◆ WHAT YOU HAVE TO DO: Return only the lines below starting at the line containing "サファリハット kiu キウ" and ending at the line containing "Indoor pool villa", both included, exactly as they are and with no pictures.

◆ MATERIAL SHOWN:

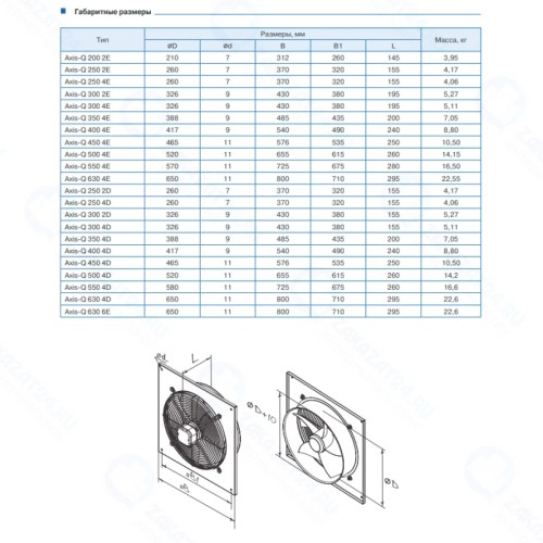 2-х или 4-полюсные асинхронные двигатели с внешним ротором и крыльчаткой осевого типа. Исполнение двигателя однофазное (E) или трехфазное (D). Двигатель оснащен шариковыми подшипниками для большего срока эксплуатации. Снабжен встроенной тепловой защитой с автоматическим перезапуском.
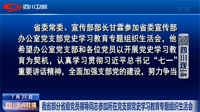 省委常委、宣传部部长甘霖参加省委宣传部办公室党支部党史学习教育专题组织生活会,他希望办公室党支部和各位党员以开展党史学习教育为契机,认真学习贯彻习近平总书记“七一”重要讲话精神,全面加强支部党的建设,努力争当做到“两个维护”的表率,努力争当践行“四力”的表率,努力争当高质量服务的表率,努力争当支部建设的表率,守正创新做好宣传思想文化工作,更好地承担起举旗帜、聚民心、育新人、兴文化、展形象的使命任务。
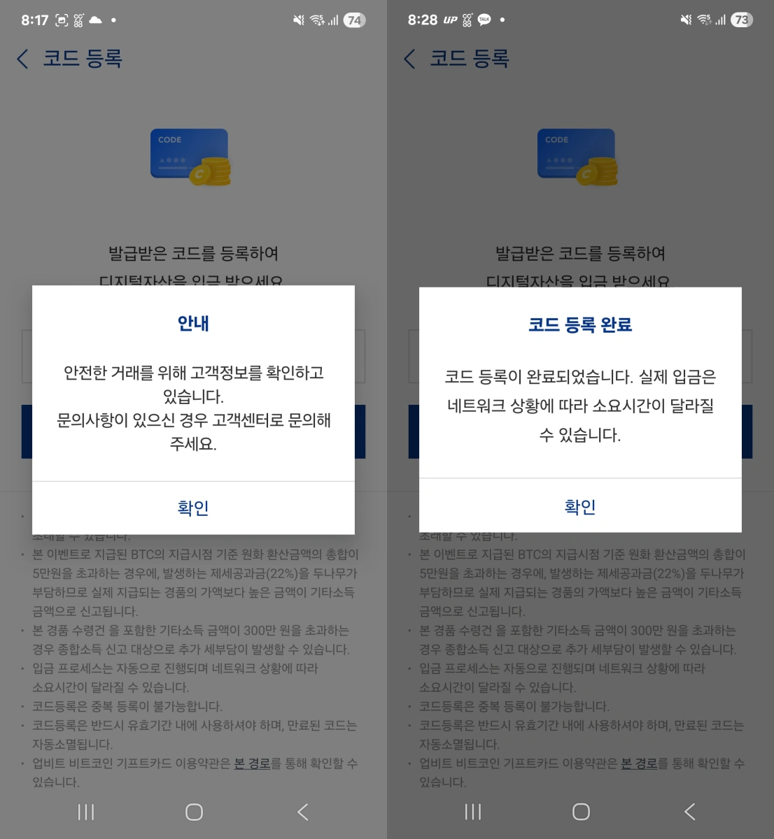 A. 업비트 가입 후 48시간 이내에 코드 입력을 완료해야 혜택을 받을 수 있습니다.
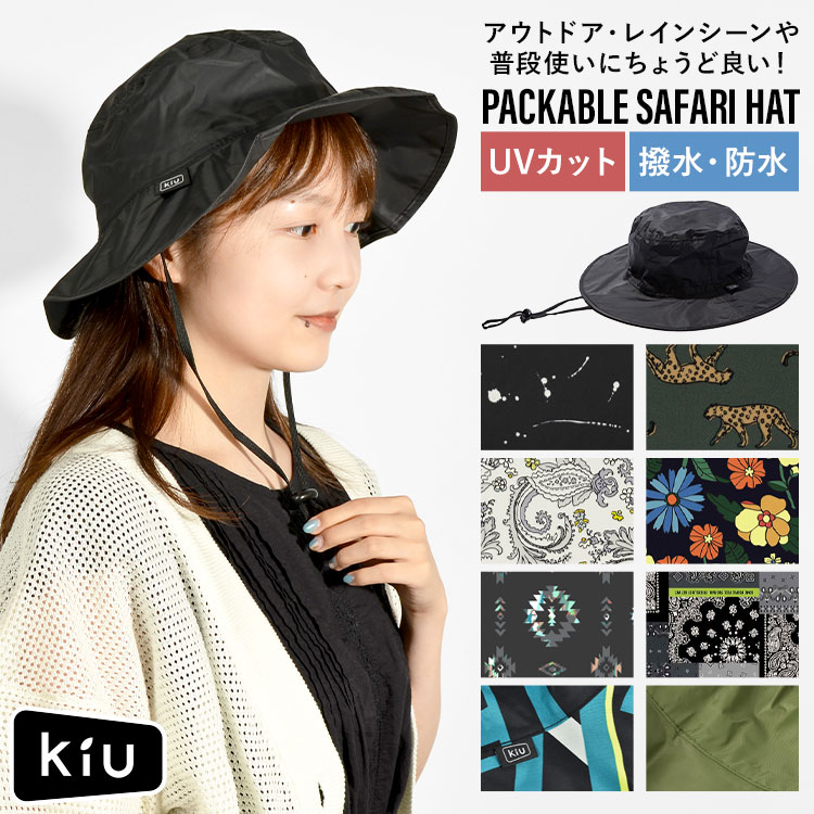 サファリハット kiu キウ メンズ つば広 レディース 夏 大 61cm 帽子 レインハット 大きめ 撥水 防水 UVカット 紫外線対策 洗える 折りたたみ コンパクト あご紐 黒 カーキ 個性的 派手 花柄 登山 旅行 アウトドア 春 レジャー 野外フェス 自転車 かわいい おしゃれ
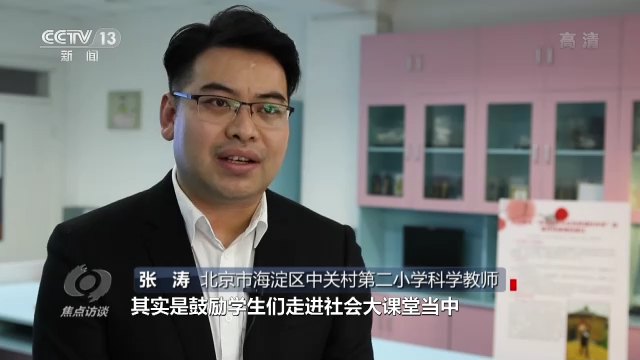 北京市海淀區(qū)中關(guān)村第二小學(xué)科學(xué)教師張濤說:“在這個(gè)過程當(dāng)中,其實(shí)是鼓勵學(xué)生們走進(jìn)社會大課堂當(dāng)中,去發(fā)現(xiàn)生活中的一些科學(xué)問題,收集一手資料,去解決科學(xué)問題。”
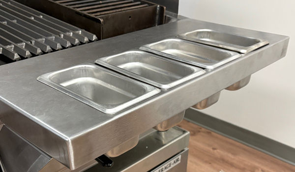Keep frequently used ingredients within arm’s reach of the cooking area with an optional removable stainless steel condiment rail with cut-outs for 1/9 or 1/3 pans. Keeps the cooking area organized, helping chefs work faster and more efficiently.
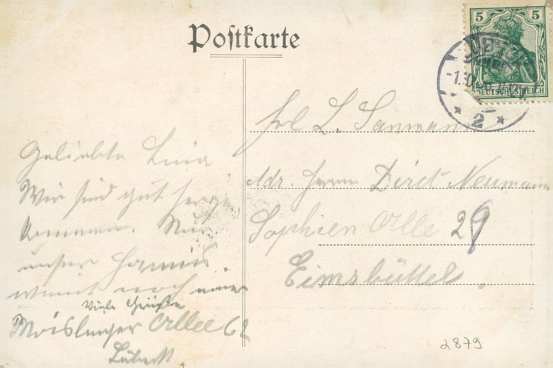 Alte Ansichtskarte aus Lübeck, gelaufen um 1906 von Lübeck nach Eimsbüttel.
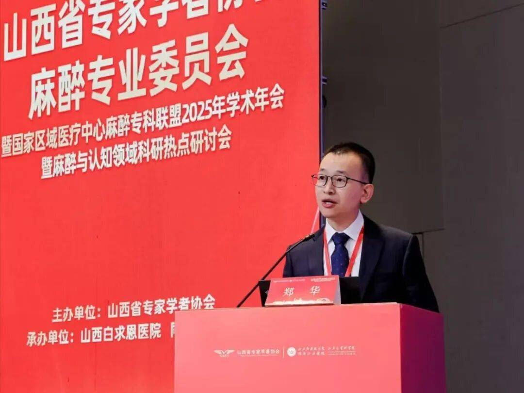 郑华教授首先代表山西省专家学者协会麻醉学专业委员会和大会组委会,向与会的领导和专家学者们表示热烈欢迎,并向所有支持本次年会及山西麻醉事业发展的单位与个人致以诚挚感谢!郑华教授指出,本专业委员会自去年成立以来,已举办多场高质量学术活动,涵盖临床科研、神经阻滞、舒适化医疗等前沿领域,为我省麻醉学科发展及人才培养搭建了重要平台。本届年会以“麻醉与认知”为核心议题,旨在激发中青年医师与科研人员的创新活力,推动多学科交叉融合。经过精心筹备,会议内容全面优化,特邀近百位国内外知名专家,围绕老年麻醉、急危重症、围术期监护等热点开展交流,力求为大家呈现一场精彩纷呈的学术盛会。期待本届年会能够切实服务临床与科研需要,助推山西麻醉事业高质量发展,更好地满足三晋百姓的健康需求。
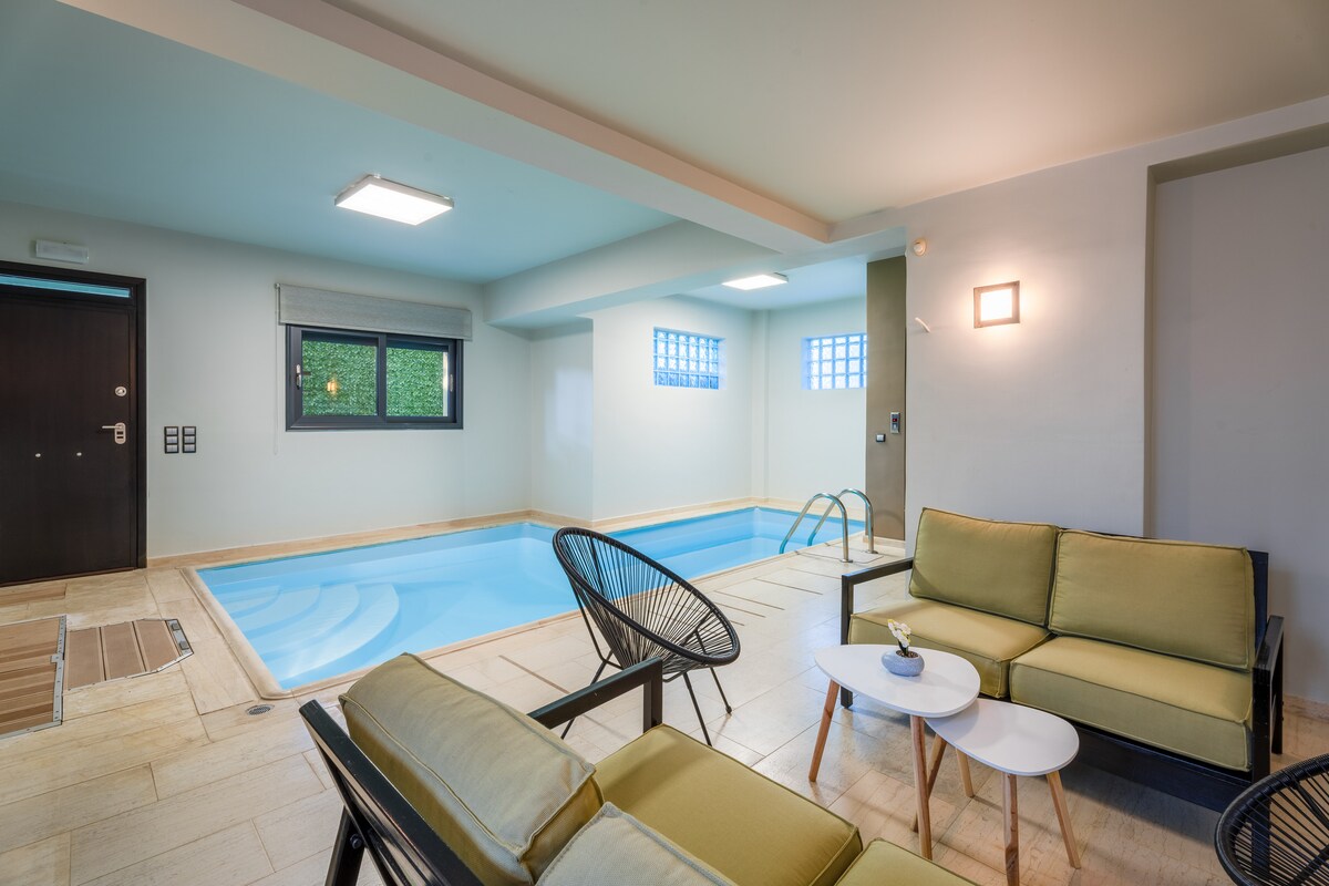 Indoor pool villa Lagonisi | 4 -BDRM | malapit sa beach
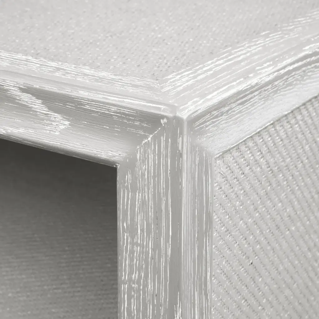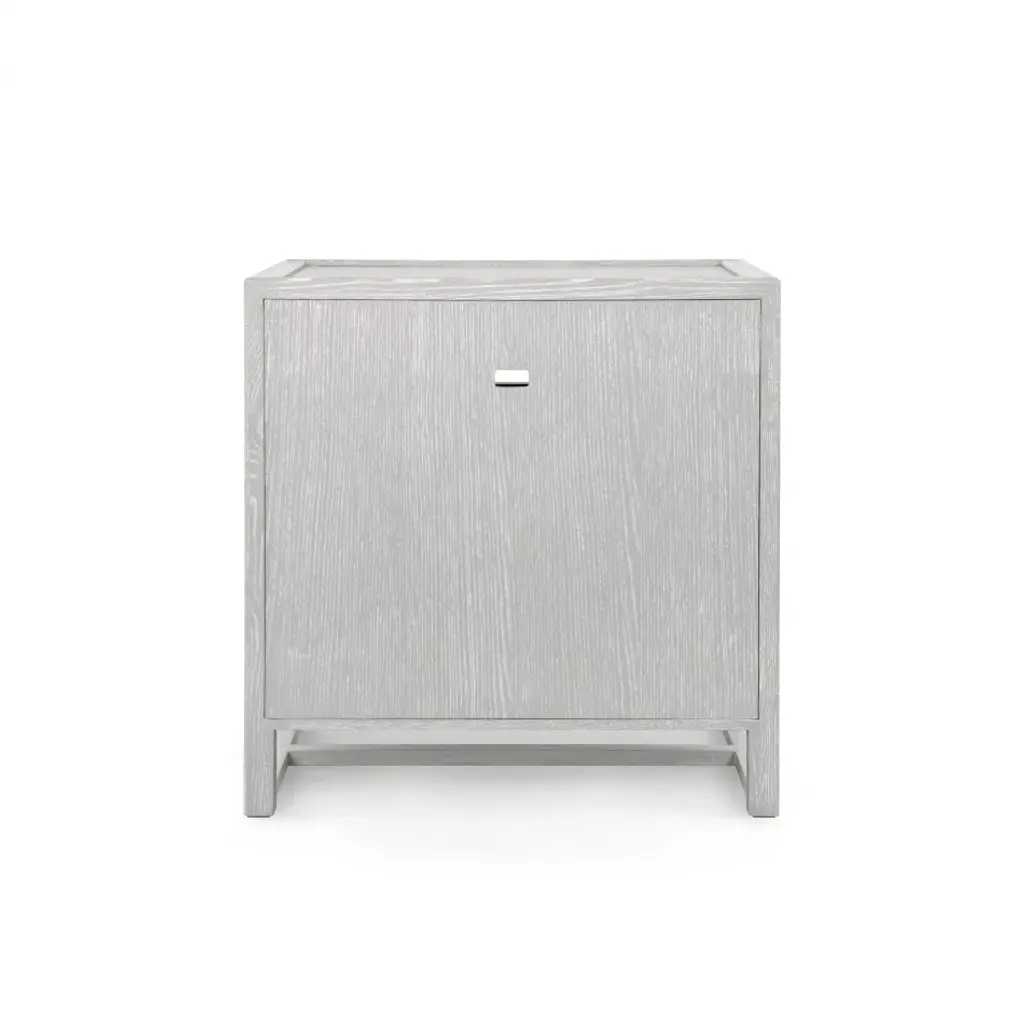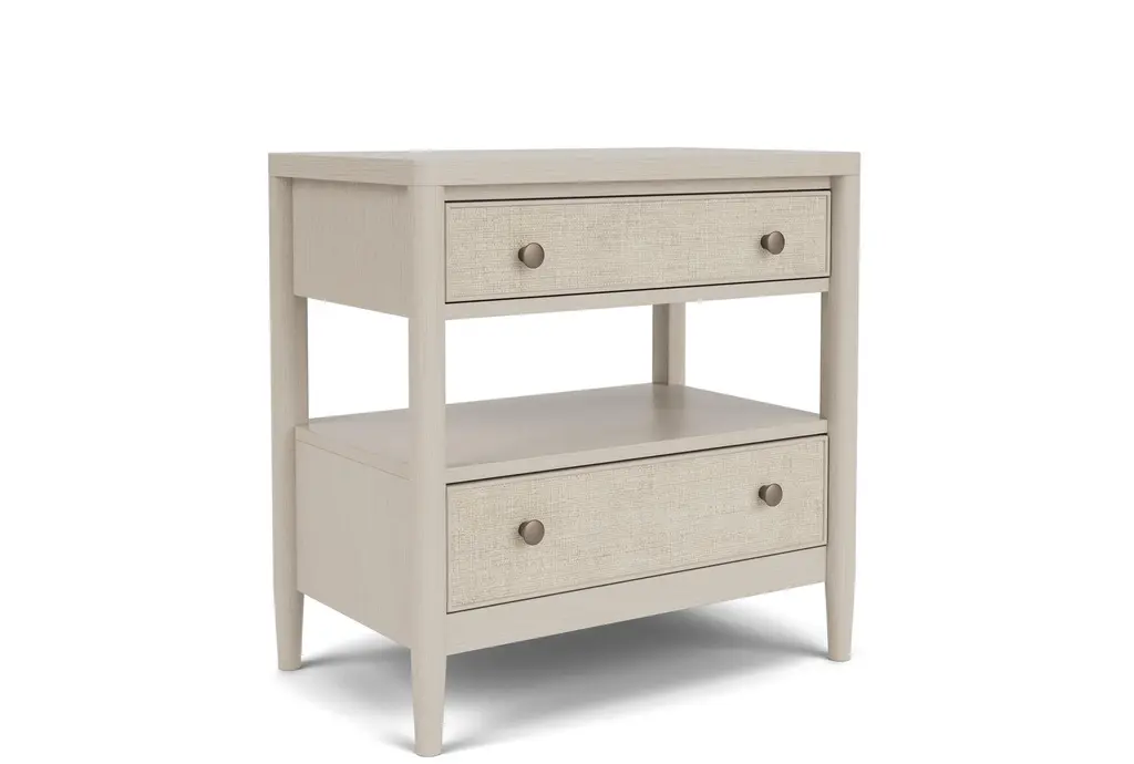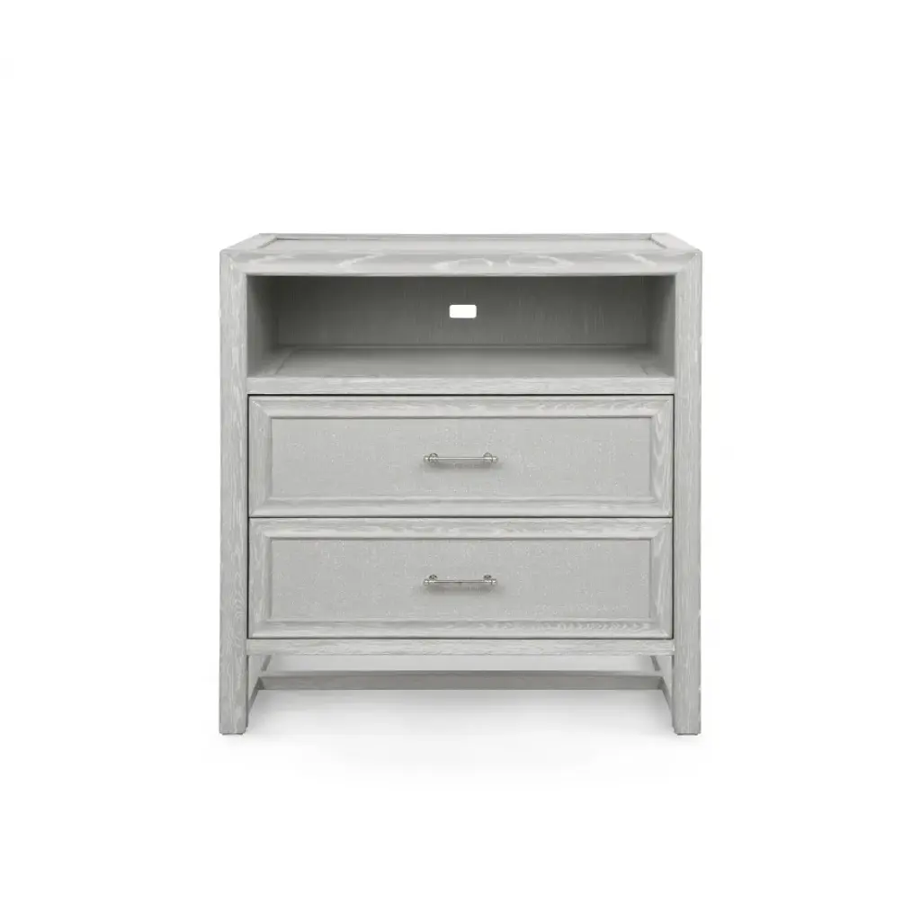 Contemporary craftsmanship shines with our Vivian collection. A line crafted from Clear Lacquered Cerused Oak, gray-washed grasscloth panels, and hand-cast polished nickel pulls. Two drawers float above the hand-coved base giving the piece a sense of weightlessness. A traditional shape modernized by thoughtful details, the Vivian 2-Drawer Side Table would be a lovely accent in any living room, sunroom, office, or bedroom.

◆ EXERCISE OUTPUT:
 サファリハット kiu キウ メンズ つば広 レディース 夏 大 61cm 帽子 レインハット 大きめ 撥水 防水 UVカット 紫外線対策 洗える 折りたたみ コンパクト あご紐 黒 カーキ 個性的 派手 花柄 登山 旅行 アウトドア 春 レジャー 野外フェス 自転車 かわいい おしゃれ
 北京市海淀區(qū)中關(guān)村第二小學(xué)科學(xué)教師張濤說:“在這個(gè)過程當(dāng)中,其實(shí)是鼓勵學(xué)生們走進(jìn)社會大課堂當(dāng)中,去發(fā)現(xiàn)生活中的一些科學(xué)問題,收集一手資料,去解決科學(xué)問題。”
Keep frequently used ingredients within arm’s reach of the cooking area with an optional removable stainless steel condiment rail with cut-outs for 1/9 or 1/3 pans. Keeps the cooking area organized, helping chefs work faster and more efficiently.
 Alte Ansichtskarte aus Lübeck, gelaufen um 1906 von Lübeck nach Eimsbüttel.
 郑华教授首先代表山西省专家学者协会麻醉学专业委员会和大会组委会,向与会的领导和专家学者们表示热烈欢迎,并向所有支持本次年会及山西麻醉事业发展的单位与个人致以诚挚感谢!郑华教授指出,本专业委员会自去年成立以来,已举办多场高质量学术活动,涵盖临床科研、神经阻滞、舒适化医疗等前沿领域,为我省麻醉学科发展及人才培养搭建了重要平台。本届年会以“麻醉与认知”为核心议题,旨在激发中青年医师与科研人员的创新活力,推动多学科交叉融合。经过精心筹备,会议内容全面优化,特邀近百位国内外知名专家,围绕老年麻醉、急危重症、围术期监护等热点开展交流,力求为大家呈现一场精彩纷呈的学术盛会。期待本届年会能够切实服务临床与科研需要,助推山西麻醉事业高质量发展,更好地满足三晋百姓的健康需求。
 Indoor pool villa Lagonisi | 4 -BDRM | malapit sa beach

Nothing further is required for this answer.